Professor Gary Perlstein will probably find Amy Roe's hatchet job ["Professor Soundbite,"
, Nov. 6, 2002] to be highly amusing and, perhaps, somewhat accurate and justified. After all, Dr. Perlstein is a person who understands the reality that "to live by the sword is to die by the sword" and has probably been waiting for this attack for quite some time. Having said that, however, I am struck by the magnitude of the attack as well as the unseemly and one-sided portrayal of Professor Perlstein's career. Simply stated, Dr. Perlstein is not the academic cipher that your article makes him out to be.
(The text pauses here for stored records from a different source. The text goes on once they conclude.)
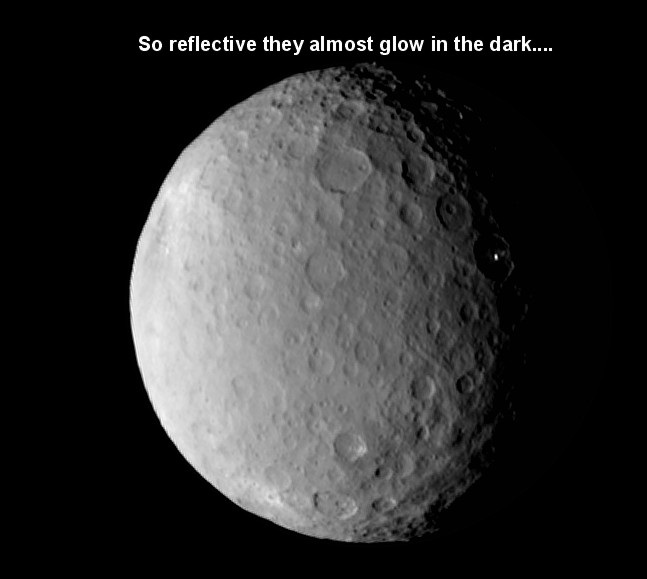 c The reflectiveness of the "Lights" is such that they can still be seen gleaming as they rotate into the night side of Ceres. It is almost as if they glowing under their own power. Indeed, some anomaly researchers have even suggested that they contain luminescent chemicals. These store up the energy they receive from sunlight to glow when they are in the dark. C Figure 4 - Last frame showing the "Lights" rotating into the darkness
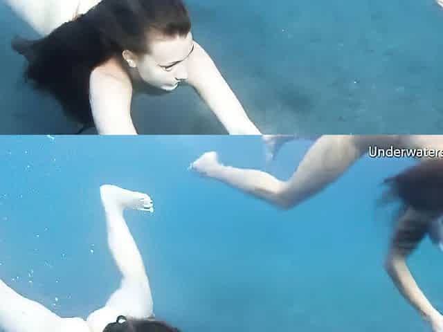Elegant And Flexible Babe Swimming Underwater In The Outdoor Swimming Pool. Swimmingsuite
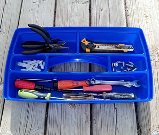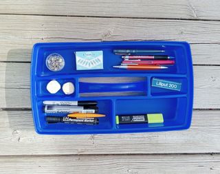 Bandeja ordenada portátil para organizar productos como en una guardería de educación temprana (ordenar y guardar lápices), herramientas, etc🪛🔧🔨🖍️🖊️🖋️ Es de plástico de color azul, con cinco compartimentos multiusos, y con asa para su mejor transporte. Sus medidas son 37x 21 cm. y 6,5 cm. de alta.

In addition to being an instructor who is not afraid of in-class, political shouting matches--and in fact welcomes them--Dr. Perlstein is an academic (as well as an ideological) anomaly. That is, he is a rare and welcome alternative in the sea of ideological secrecy and/or lock-step ideology that many students around the country are subject to today. Similarly, as a Perlsteinian "damn liberal," I found my (often public) debates with Professor Perlstein to be invaluable heuristic experiences. In fact, his presence at Portland State has played an instrumental role in not only my basic technical understanding of domestic and international terrorist tactics and official responses, but also in my understanding of the sentiments that propel the desperate politics of the disenfranchised. In demonstrating empathy (if not agreement) for many in this world whose last resort is violence, Dr. Perlstein has shown me that he has a firm intellectual grasp on the "informal" political struggles that continue to shake this world.
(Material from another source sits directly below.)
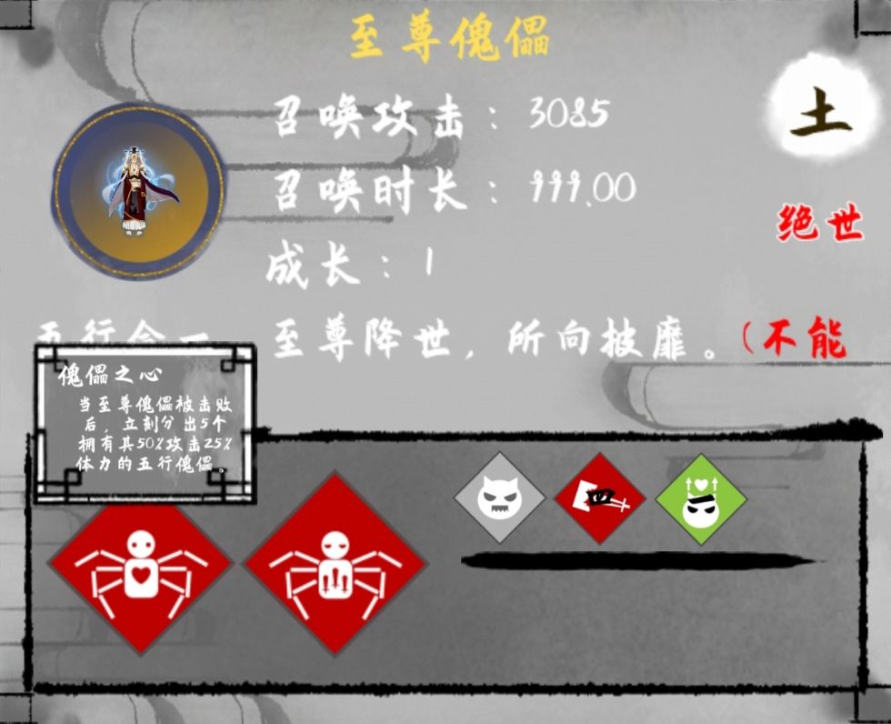 特效一:开场召一个小傀儡,小傀儡死后裂开成5个大傀儡。注:每次战斗只能召一次。

I think we all welcome a healthy critique of our talking heads on occasion, but I am curious as to why Dr. Perlstein was singled out for such a shredding. Where are the other "usual characters"? Where is the front-page condemnation of the multiple and blundering buffoons who chatter mindlessly about Oregon politics on a regular basis? If this article is an opening salvo in an ironic media war on talking heads, then sign me up.
Robert Swan
Graduate student, Portland State University
North Commercial Avenue
DRAW THE LINE
When oh when will Willamette Week join the civilized world and stop publishing the offensive, juvenile and misogynist cartoonist Callahan? His Nov. 6 depiction of Anna Nicole Smith--admittedly, no great icon for women--is reprehensible. Why is denigration of women the last outpost of acceptable bigotry? You'd be put out of business, and Callahan would be run out of town, if that cartoon depicted a person of color.